Крайне свободный и независимый по духу человек, близкий по характеру и чертам своей личности Гийому Аполлинеру и Марселю Дюшану, забавно проследить, как сначала Франсис Пикабия открыто враждовал и противостоял, а потом поддерживал и даже возглавил движение «Дада» в ходе своих специально предпринятых «пропагандистских» путешествий в Нью-Йорк, Барселону и Цюрих. Таким же образом развивалось и его творчество. Его дадаистские статьи признаны разрушительными и блестящими, авангардистский альманах «391», который он основал в Нью-Йорке, и который затем издавал в Цюрихе и Париже до 1924 года, а также его абстрактные полотна до Первой мировой войны и «механоморфные» рисунки, напоминающие какие-то странные чертежи будущего, стали не только узнаваемыми, но и знаковыми в истории искусства начала XX века.

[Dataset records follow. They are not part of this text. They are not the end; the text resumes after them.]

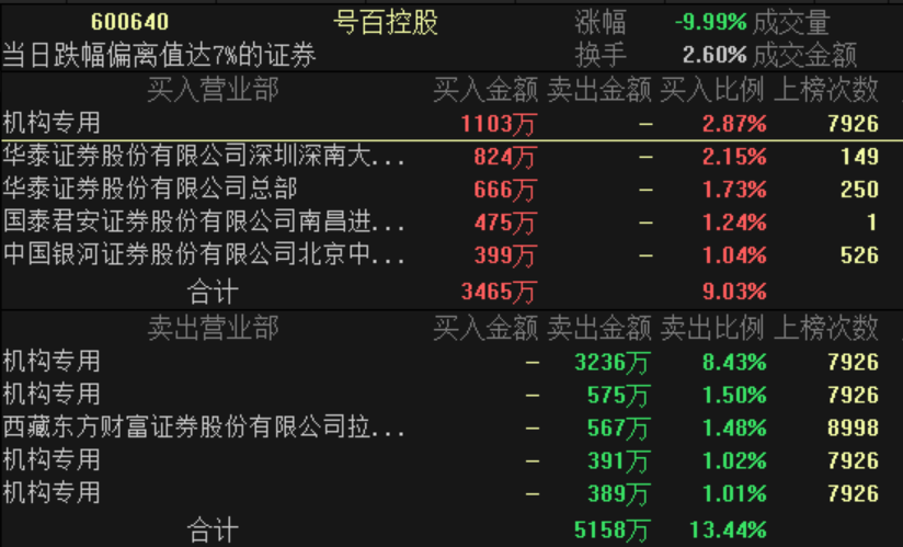 号百控股龙虎榜显示,买一机构专用买入1103万元,买三华泰证券总部买入666万元,买入前五席位合计净买入3465万元。卖一、卖二、卖四、卖五均为机构专用席位,卖二也为知名的游资集结地西藏东方财富证券拉萨团结路第二营业部,卖出前五席合计净卖出5158万元。
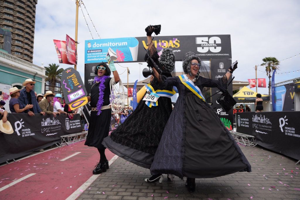 La jornada dominical arrancó con la segunda edición de «Viudas a la carrera». Sí, muchas viudas, pero también disfraces de todo tipo, ocuparon su lugar en el punto de salida: más de 250 personas inscritas esperaron la señal en la trasera del recinto para superar la distancia entre la plaza de Canarias y Manuel Becerra, rodear la plaza de La Isleta y regresar por el mismo camino.
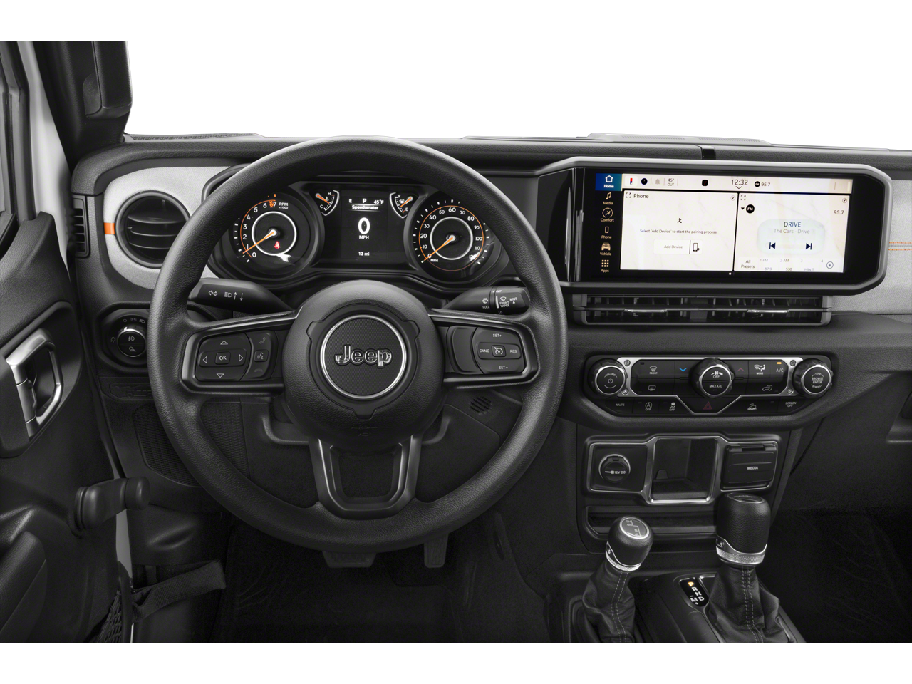 Step inside the Gladiator, and you'll be greeted by a spacious and well-appointed interior. The premium-wrapped steering wheel, heated front seats, and heated steering wheel provide a luxurious touch, while the 12.3-inch Uconnect 5 touchscreen display keeps you connected and entertained. With seamless integration of Apple CarPlay and Android Auto, you can stay connected on the go.
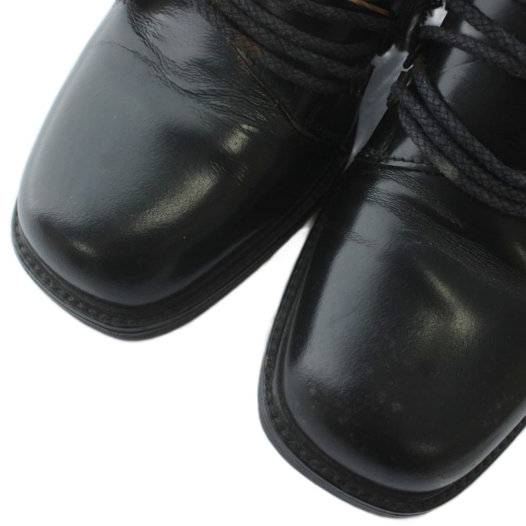 グッチ GUCCI ショートブーツ レザー スエード スクエアトゥ レースアップ ロゴ 刺繍 35.5 22.5㎝ 黒 ブラック /XZ ■GY18 レディース
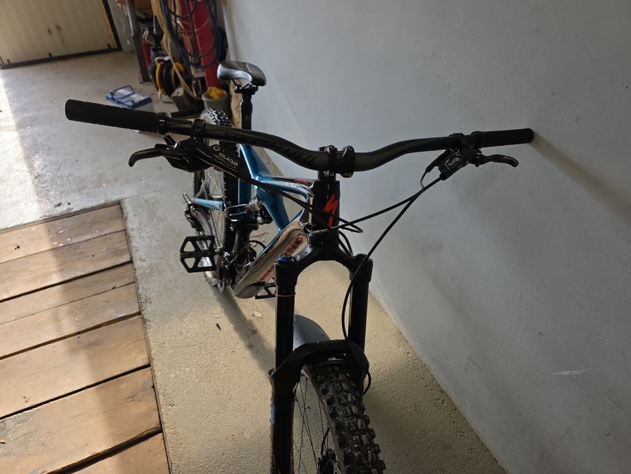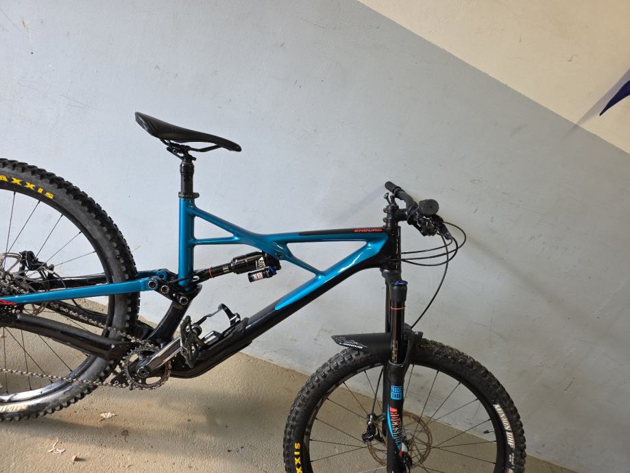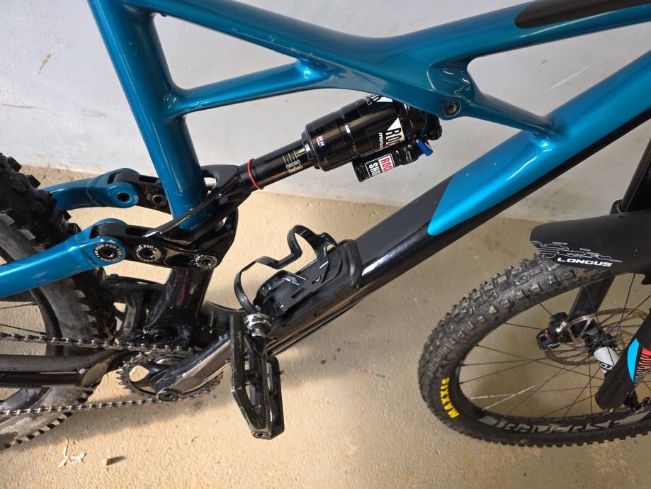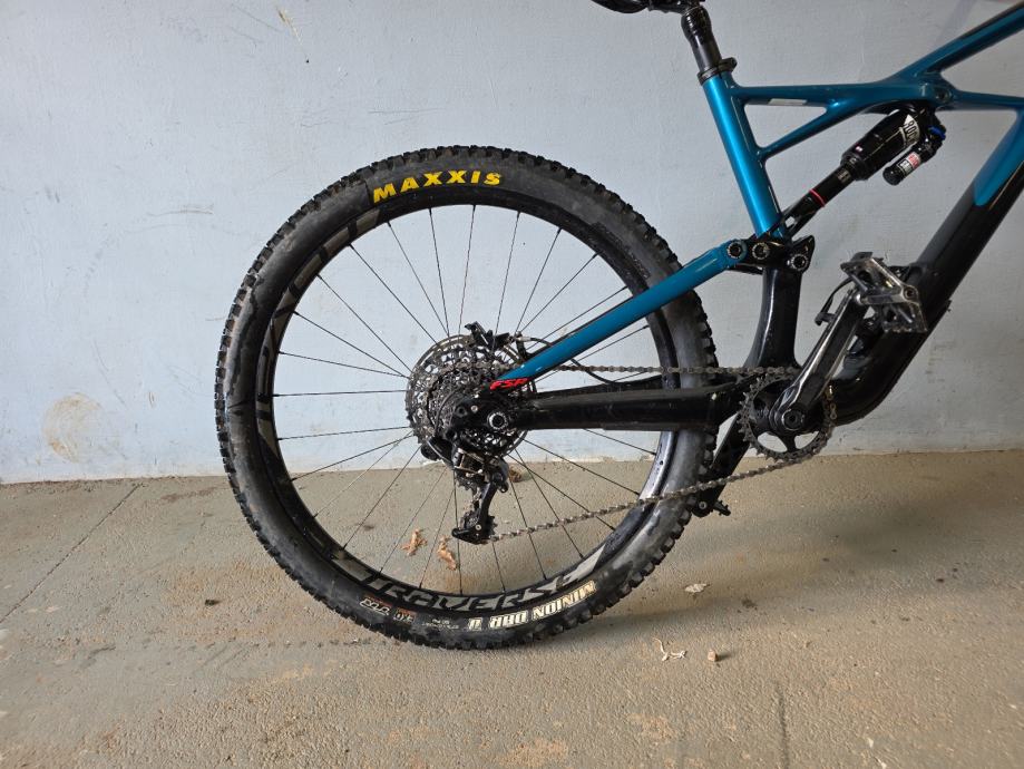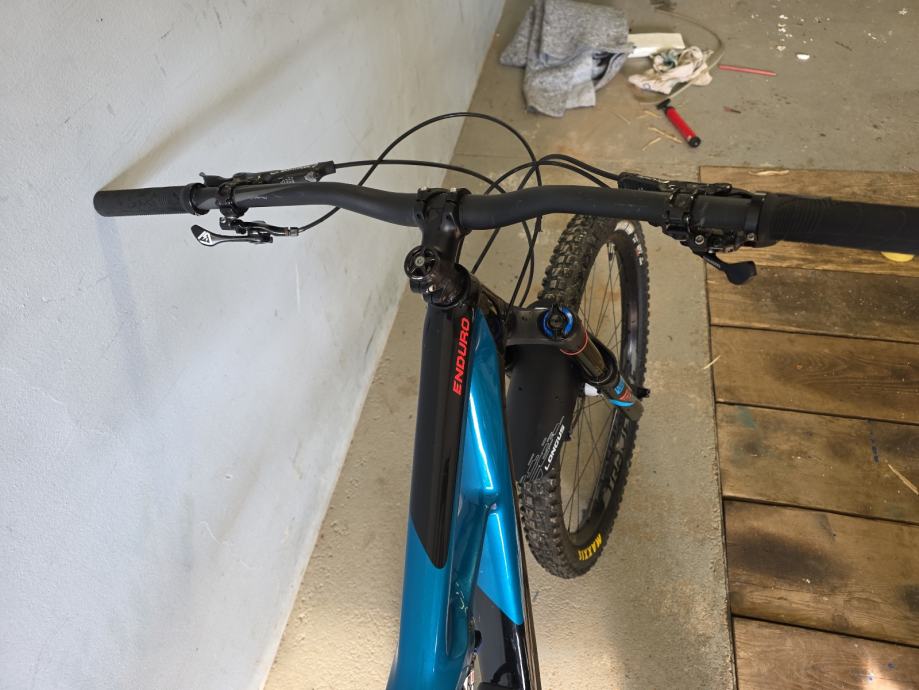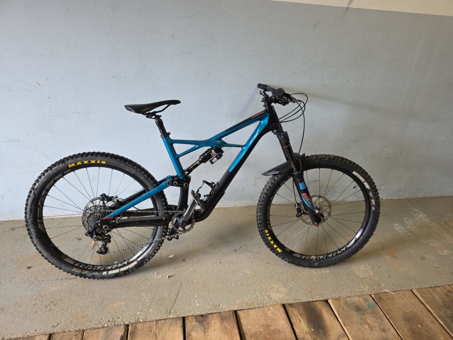 Karbonska rama,rock shox vilica pike RCT3,zadnji amortizer rock shox monarch plus Rc3,gume maxxis,felge roval traverse,kočnice sram guide na disk,mjenjač sram s 11 brzina,droper post i spremnik u rami

После дадаистского этапа, где он, наряду с Тристаном Тцара, являлся одним из признанных лидеров, (1914—1920) Франсис Пикабиа в 1921 году сделал очередной резкий поворот и присоединился к прямым противникам (и одновременно последователям) дада — сюрреалистам. Регулярно его одолевают депрессии, от которых он вынужден лечиться какодилатовыми таблетками (его очень забавляет это слово), также глубоко проникнувшими в его творчество парижского периода. В это время Пикабиа оставляет свой «механический» стиль, несколько лет не пишет маслом, переходит в основном на приёмы коллажа и сюрреалистического объекта. Такова его «Соломенная шляпа» (1921), «Какодилатовая картина» (1922) и «Женщина со спичками» (1923). В этот период одним из наивысших достижений Франсиса Пикабия является, как ни странно, не чистая живопись, а балет и кинофильм «Relache» («Антракт» или «Спектакль отменяется»), сделанный совместно с ярким авангардным композитором Эриком Сати и начинающим молодым кинорежиссёром Рене Клером

Примерно с 1927 года в творчестве Пикабиа начинается стиль «прозрачных картин», в которых он откровенно экспериментирует и ищет различные способы искажения перспективы. Сопоставляя разноразмерные лица, фигуры и предметы, он переплетает их в линейных пространственных наложениях, пытаясь добиться эффекта обмана зрения или игры стереоскопических плоскостных перемещений. В этих картинах крупные прозрачные силуэты, составленные из линий, могут накладываться на мелкий и подробно написанный пейзаж, создавая эффект особого «пространственного сюрреализма», не встречающегося более ни у кого из художников-сюрреалистов. К этому стилю относятся картины «Он и его тень» (1928), «Сфинкс» (1929) и «Медея» (1929).Сюрреалистический период Франсиса Пикабия начинает постепенно угасать и сходит на «нет» к началу 30-х годов. Однако, и на этом его стилистические метаморфозы не заканчиваются.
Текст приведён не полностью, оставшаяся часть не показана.